→ **TASK DIRECTIONS**: Nothing but the pictures should be left out when the entries below are duplicated.

[Recorded data]

╭──

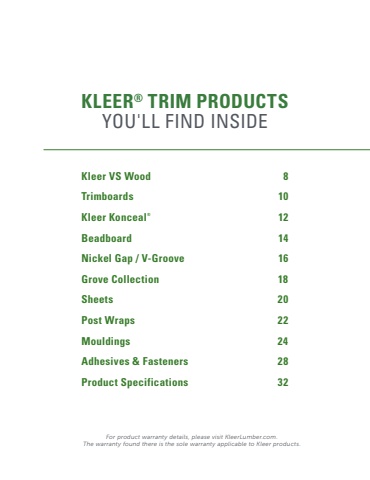 KLEER® TRIM PRODUCTSYOU'LL FIND INSIDEKleer VS Wood 8Trimboards 10Kleer Konceal®12Beadboard 14Nickel Gap / V-Groove 16Grove Collection 18Sheets 20Post Wraps 22Mouldings 24Adhesives & Fasteners 28Product Specifications 32For product warranty details, please visit KleerLumber.com.The warranty found there is the sole warranty applicable to Kleer products.
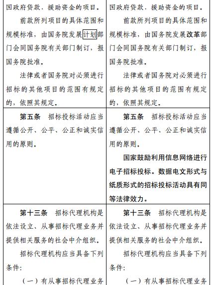 二、第五條增加一款,作為第二款:“國家鼓勵利用信息網(wǎng)絡進行電子招標投標。數(shù)據(jù)電文形式與紙質形式的招標投標活動具有同等法律效力。”
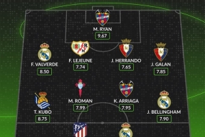 后卫:费德里科·巴尔韦德(皇家马德里,8.50分)、弗洛里安·勒热纳(巴列卡诺,7.74分)、豪尔赫·埃兰多(奥萨苏纳,7.65分)、哈维·加兰(奥萨苏纳,7.85分)
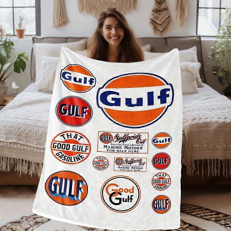 Gulf Logo Vintage Oil Branding Plush Blanket - All-Season Soft Bedspread with Iconic Gulf Station Design (Texaco-Inspire-asdfg319
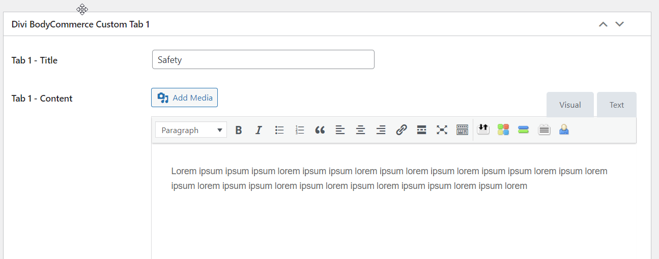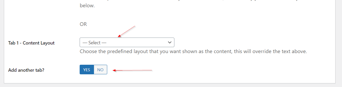 Make your way to your products and add tabs with content. To add a new tab please click the YES button for "Add Another Tab." If you would like to remove a tab, simply remove the title text and select NO. Lastly, if you wish to use a layout built in the Divi builder for the content of the tab then simply select the layout from the drop-down. Please note that to make your tab display there needs to be a Title. if there is no Title text then the tab will not be displayed in the .PP TABS module.
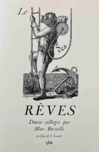 3 plaquettes in-8, dont 2 en feuilles et une brochée. Les Pays égarés. Paris, Le Loup Pendu, Debresse, 1937. Un des 200 numérotés sur papier du Roy Louis vert Berry. – Les Cris de la fée. Paris, G.L.M., 1939. 16 collages reproduits. Tirage à 650 exemplaires, celui-ci un des 600 sur vélin. – Rêves. Douze collages. Paris, GLM, 1950. Édition originale, tirée à 500 exemplaires.
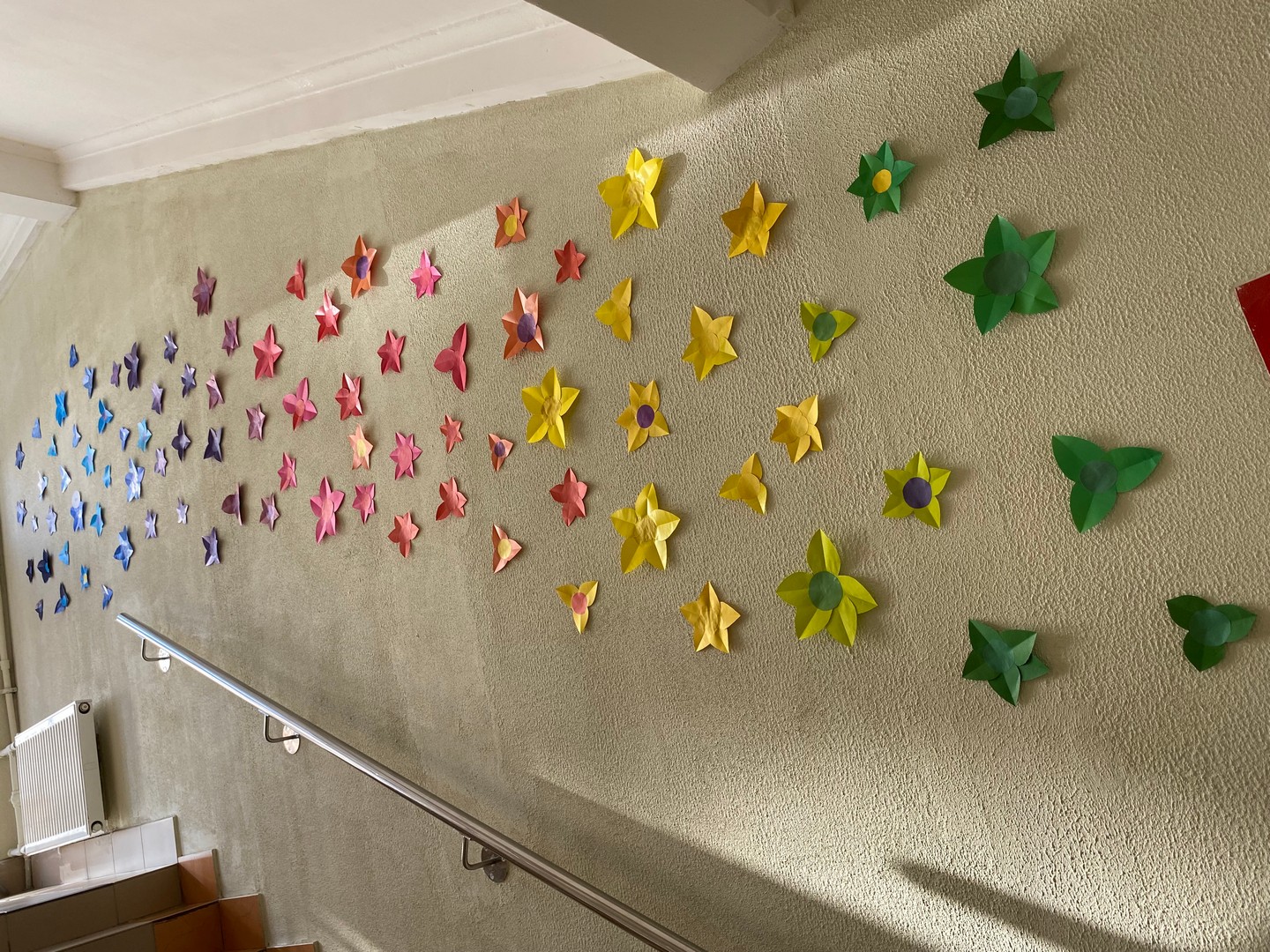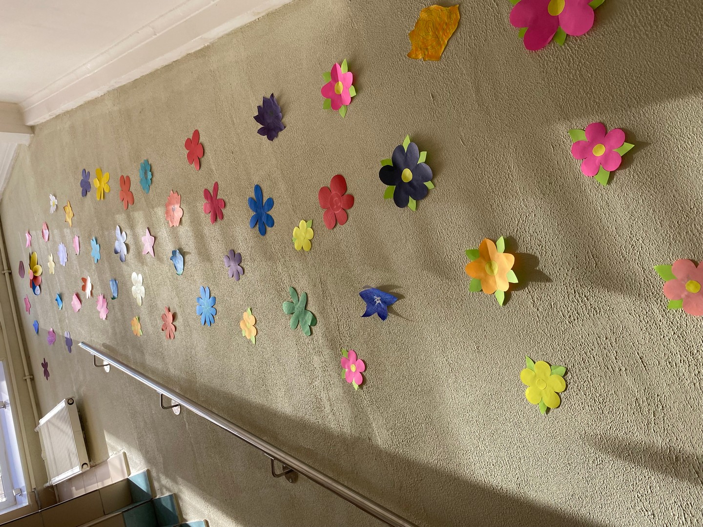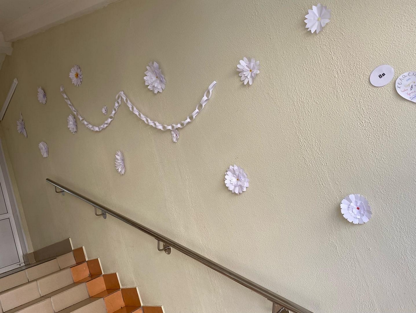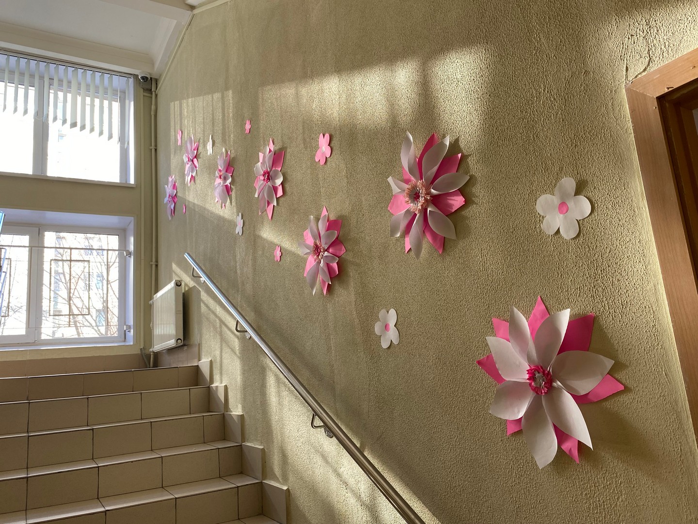 В школе Для учителей и учеников ожидал яркий, впечатляющий подарок к 8 марта на лестнице... Дети старшей школы сделали нашу лестницу очень по-весеннему. Когда на улице все начинает таять, а у нас в школе уже цветочки появились.
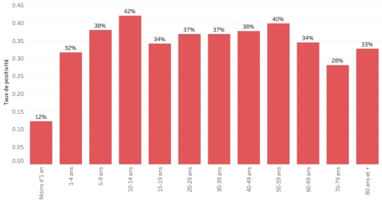 Taux de positivité par segment d’âge :
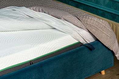 Закрывает спальную поверхность и боковые стороны матраса, четко фиксируется и не сползает, легко одевать и снимать.
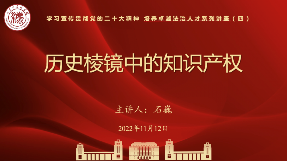 11月12日晚,山東大學(xué)法學(xué)院“學(xué)習(xí)宣傳貫徹黨的二十大精神,培養(yǎng)卓越法治人才”系列講座第四期于華崗苑北樓順利舉辦。國家特聘專家、山東大學(xué)法學(xué)院教授石巍以“歷史棱鏡中的知識產(chǎn)權(quán)”為題做了一場精彩紛呈的講座。本次講座由法學(xué)院碩士研究生才源主持,二百余名師生參會。
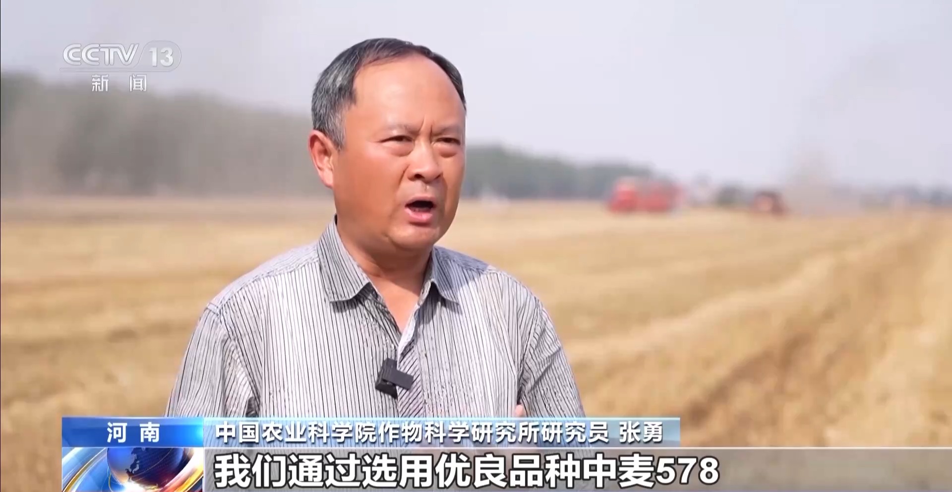中國(guó)農(nóng)業(yè)科學(xué)院作物科學(xué)研究所研究員 張勇:我們通過(guò)選用優(yōu)良品種中麥578,通過(guò)適期的晚播,播前播后鎮(zhèn)壓,一噴三防,每畝比咱們的周邊地塊要增產(chǎn)200斤。
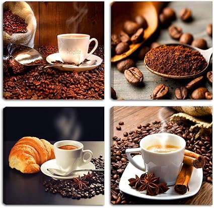 Quadri Moderni Caffe 4 Pz Cm 30x30 Cad Stampa Su Tela Canvas Caffe Coffee Arredamento Arte Astratto Xxl Arredo Per Soggiorno Salotto Camera Da Letto Cucina Ufficio Bar Ristorante Amazon It Casa E

╰──

→ **ANSWER SECTION**:
 KLEER® TRIM PRODUCTSYOU'LL FIND INSIDEKleer VS Wood 8Trimboards 10Kleer Konceal®12Beadboard 14Nickel Gap / V-Groove 16Grove Collection 18Sheets 20Post Wraps 22Mouldings 24Adhesives & Fasteners 28Product Specifications 32For product warranty details, please visit KleerLumber.com.The warranty found there is the sole warranty applicable to Kleer products.
 二、第五條增加一款,作為第二款:“國家鼓勵利用信息網(wǎng)絡進行電子招標投標。數(shù)據(jù)電文形式與紙質形式的招標投標活動具有同等法律效力。”
 后卫:费德里科·巴尔韦德(皇家马德里,8.50分)、弗洛里安·勒热纳(巴列卡诺,7.74分)、豪尔赫·埃兰多(奥萨苏纳,7.65分)、哈维·加兰(奥萨苏纳,7.85分)
 Gulf Logo Vintage Oil Branding Plush Blanket - All-Season Soft Bedspread with Iconic Gulf Station Design (Texaco-Inspire-asdfg319
 Make your way to your products and add tabs with content. To add a new tab please click the YES button for "Add Another Tab." If you would like to remove a tab, simply remove the title text and select NO. Lastly, if you wish to use a layout built in the Divi builder for the content of the tab then simply select the layout from the drop-down. Please note that to make your tab display there needs to be a Title. if there is no Title text then the tab will not be displayed in the .PP TABS module.
 3 plaquettes in-8, dont 2 en feuilles et une brochée. Les Pays égarés. Paris, Le Loup Pendu, Debresse, 1937. Un des 200 numérotés sur papier du Roy Louis vert Berry. – Les Cris de la fée. Paris, G.L.M., 1939. 16 collages reproduits. Tirage à 650 exemplaires, celui-ci un des 600 sur vélin. – Rêves. Douze collages. Paris, GLM, 1950. Édition originale, tirée à 500 exemplaires.
 В школе Для учителей и учеников ожидал яркий, впечатляющий подарок к 8 марта на лестнице... Дети старшей школы сделали нашу лестницу очень по-весеннему. Когда на улице все начинает таять, а у нас в школе уже цветочки появились.
 Taux de positivité par segment d’âge :
 Закрывает спальную поверхность и боковые стороны матраса, четко фиксируется и не сползает, легко одевать и снимать.
 11月12日晚,山東大學(xué)法學(xué)院“學(xué)習(xí)宣傳貫徹黨的二十大精神,培養(yǎng)卓越法治人才”系列講座第四期于華崗苑北樓順利舉辦。國家特聘專家、山東大學(xué)法學(xué)院教授石巍以“歷史棱鏡中的知識產(chǎn)權(quán)”為題做了一場精彩紛呈的講座。本次講座由法學(xué)院碩士研究生才源主持,二百余名師生參會。
中國(guó)農(nóng)業(yè)科學(xué)院作物科學(xué)研究所研究員 張勇:我們通過(guò)選用優(yōu)良品種中麥578,通過(guò)適期的晚播,播前播后鎮(zhèn)壓,一噴三防,每畝比咱們的周邊地塊要增產(chǎn)200斤。
 Quadri Moderni Caffe 4 Pz Cm 30x30 Cad Stampa Su Tela Canvas Caffe Coffee Arredamento Arte Astratto Xxl Arredo Per Soggiorno Salotto Camera Da Letto Cucina Ufficio Bar Ristorante Amazon It Casa E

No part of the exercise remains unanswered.